I am not giving the Claimant permission to appeal

[7] The Claimant argues that he was unemployed for a period of six months. He went back to work in June 2023. He argues that the medical certificate is wrong and unnecessary. He has already been declared entitled to regular benefits. He was available and capable of work each day. He submitted a list containing his job search efforts during the period in dispute.

[8] It is well established that I must consider only the evidence that was presented to the General Division in deciding this application. This is because an appeal to the Appeal Division is not a new opportunity to present evidence. The Appeal Division’s powers are limited by the law.Footnote 1

[9] The evidence shows that the Claimant received Employment Insurance regular benefits from October 24, 2022. His employer’s Record of Employment indicated a shortage of work. The Claimant renewed his claim for benefits in April 2023 by submitting a medical certificate. The certificate indicated that he was unable to work for the period from October 24, 2022, to July 2023.

[10] The Commission reassessed the file and converted the regular benefits to sickness benefits, resulting in an overpayment of $3,738.

[11] Since the maximum number of weeks benefits can be paid under the law is 15 weeks, sickness benefits were paid retroactively from October 24, 2022, to February 6, 2023.

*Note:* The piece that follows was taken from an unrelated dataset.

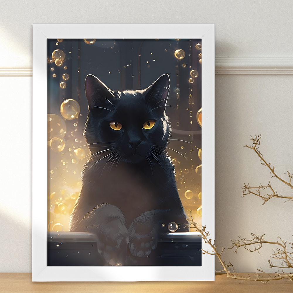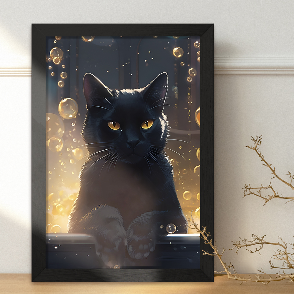 تابلو یا قاب عکس گربه سیاه خندالو در ابعاد مختلف با استفاده از بهترین برند پروفیل پی وی سی دو سانتی متری بسیار مرغوب، تولید شده اند و در مونتاژ و نصب آنها نهایت دقت در قرارگیری هر چه دقیق تر لبه ها به یکدیگر صورت گرفته است. همچنین در پشت قاب ها گیره ای برای اتصال راحت به دیوار تعبیه شده است.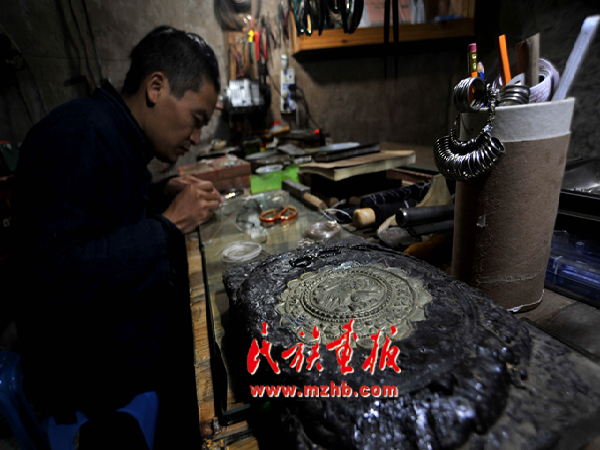 走進(jìn)龍?zhí)柕拿缱邈y飾傳承工作室,一件件銀飾讓人目不暇接,嘆為觀止。看似普普通通的銀片、銀條,在他的手里富有生命力的藝術(shù)作品,每個制作細(xì)節(jié)和過程都透著一股精致。

[12] The Claimant’s April 4, 2023, medical certificate indicated that he had not been able to work since his September 2022 hospitalization, and that he was unfit for work due to incapacity for the period from October 24, 2022, to July 2023.

[13] Before the General Division, the Claimant was unable to explain why his doctor did not want to change his medical certificate if he was fit for work.

[14] In addition, the Claimant initially told the Commission that he had not made a job search.Footnote 2

[15] From the evidence, the General Division found that the Claimant was unable to work during the period in dispute and that he had not made an active job search. It found that he was not capable of and available for work each day within the meaning of the law.

[16] In my view, the General Division correctly set out the applicable legal test for availability. It applied this test to the facts of the case and considered whether the Claimant was capable of and available for work.

[17] An appeal to the Appeal Division is not an opportunity for the Claimant to reargue his case and hope for a different outcome. I find that the Claimant has not raised any question of law, fact, or jurisdiction that could justify setting aside the decision under review.

[18] After reviewing the appeal file, the General Division decision, and the arguments in support of the application for permission to appeal, I have no choice but to find that the appeal has no reasonable chance of success.

Conclusion

[19] Permission to appeal is refused. This means that the appeal will not proceed.